Und wie viele praktische Lernmöglichkeiten ergeben sich aus dieser Orientierung: der in der Bienenhaltung erwirtschaftete Honig wird im Schülerladen verkauft, wie die von den Hühnern geschenkten Eier oder die in der Weberei entstandenen Schafswoll-Teppiche.
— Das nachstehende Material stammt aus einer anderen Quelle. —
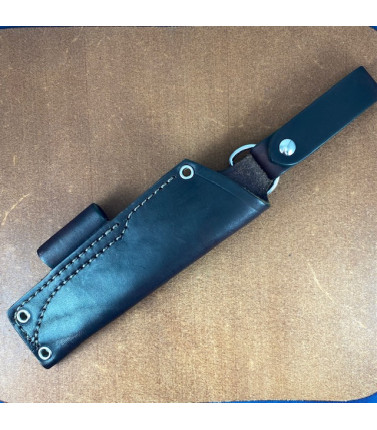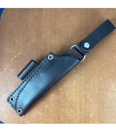 $245.00LT Wright Maverick Scout Fixed Blade. Features a 3 3/4" full flat ground blade of A2 Steel. Smooth Flat black dyed bone handles with black liners over full tang. Sharpened back spine for use with fire steel (not included). Leather belt sheath.

Natürlich alles in kleinem Format ~ aber anfassbares „Lernen fürs Leben“.
Sie merken: Wir brauchen ein Schulgelände, das durch die vorhandene „Natur“ vielfältige Möglichkeiten bereitstellt: neben dem Gartenbaugelände ein Baumbestand für die Nistkästen; Platz für ein Feuchtbiotop mit seiner Vielfalt an Pflanzen und Tieren; eventuell die Möglichkeit zu Kleintierhaltung … etc. etc.
Wenn wir wollen, dass die Erwachsenen von morgen die bedrohte Natur kennen und lieben werden, müssen wir den jetzigen Kindern ermöglichen, dies zu lernen.